In order to print an object from a 3D printer you need a 3D model file, generally an .STL file. Where can you find .STL files? Three places. You can make one yourself, using 3D modeling software like AutoCAD or Google Sketchup. You can scan an object in the real world and convert it into a 3D model (I hope to try this soon). Lastly, you can download an .STL file someone else has made.
Following are the majority of the designs I printed (or tried to print) during the course of reviewing the MakerBot Replicator. Most I obtained through Thingiverse, MakerBot's community-driven repository of 3D object design files, all of which are available to download for free. With 15,000-plus design available on Thingiverse, I barely scratched the surface of its content.
Of the files I pulled from Thingiverse, this is the most impressive item I printed successfully. The cube-shape and the ball come out in a single print thanks to the Replicator's dual-extruder printer head (or "dualstrustion," as MakerBot likes to call it). Design by etrohn at Thingiverse.com. This would make a great cat toy.
These designs came on the SD card that ships with the MakerBot. I also used these for a power drill test, as evidenced by the holes in the black and red sharks. The drill bit went into each shark well enough, but it punched through the opposite side rather roughly.
The inside of each shark is only filled 10 percent of the way to save on plastic. I'm interested to know if the bit would come out more cleanly with a denser infill.

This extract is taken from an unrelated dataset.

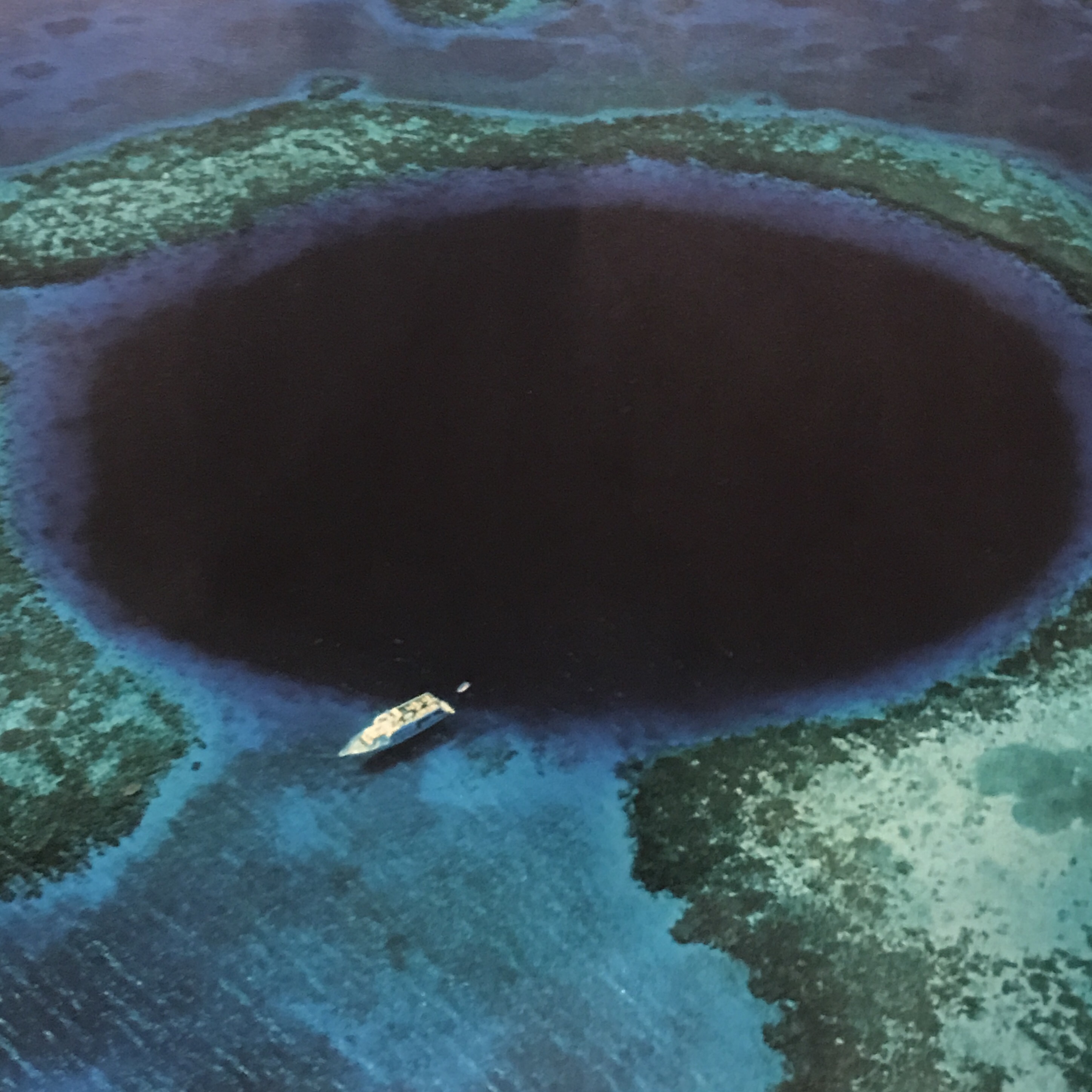 The great blue hole is a giant sinkhole of the coast of Belize. It is near the center of Lighthouse reef, a small atol 70 miles from Belize city. It’s a world heritage site (UNESCO). Circular in shape, its over 410ft deep and 1000ft wide. The sinkhole originally formed as a limestone cave during the last glacial period!! Had to show you a picture from my guide book of how amazing it looks, you need an Ariel picture to do it justice! Marine life around the coral was amazing with color and sea life but in the center it was dense clear water that went down as far as the eye could see. π³![]()

This design, by Thingiverse user tbuser, is one of the more exciting experiments I've seen with dual extrusion. Playing with gradations like this shows how Thingiverse users are still finding new ways to explore the Replicator's creative potential.
High school geometry teacher (and Thingiverse user) mazels uses the MakerBot and the 3D modeling program OpenSCAD in his class to teach the concept of the z-axis, as well as some code. One of masels' students made this design.
Another sample design on the Replicator's SD card, the Spiral Box, however neat-looking, also shows the potential for a less than perfect print. The black marks are from residue on the idle extruder that was loaded with black plastic. Let that be a lesson: clean your extruders!
I really wanted this chair to print well, but failed after several attempts. You can see the front leg on the left didn't form up properly. Worse, the extruder went through the motion of printing the upper rungs, but it didn't lay down any material. I'm not sure why. Still, this print shows the printer's impressive ability to string plastic across small gaps without support material. This is called "bridging."
I hope to figure out how to print this chair eventually. Its design, by Thingiverse user PrettySmallThings, is beautiful.
I tried and failed three times to print a workable iPhone case from a design by Thingiverse user nickfabb. I fixed the stringy print by turning up the heat on the build platform, thus making sure the base would stay in position during the print. I still can't figure how to get the sides to stick to the base.
I'm not giving up on this one. Look at this design on Thingiverse (by user bathsheba grossman) and you'll see how intricate it is.
Like some prints with large overhanging portions, the Metatron requires that you print it with a support structure, which you then break away after the print. Thankfully, the ReplicatorG software calculates the support layout for you when you have the option selected.
While the Metratron did print successfully, it didn't not survive my attempt to remove the support material. I suspect the fact that I reduced the size of the print by half made it more brittle. A full-size Metratron print would take over 10 hours, according to the Replicator software's estimate. I'll have to come in to work early one day.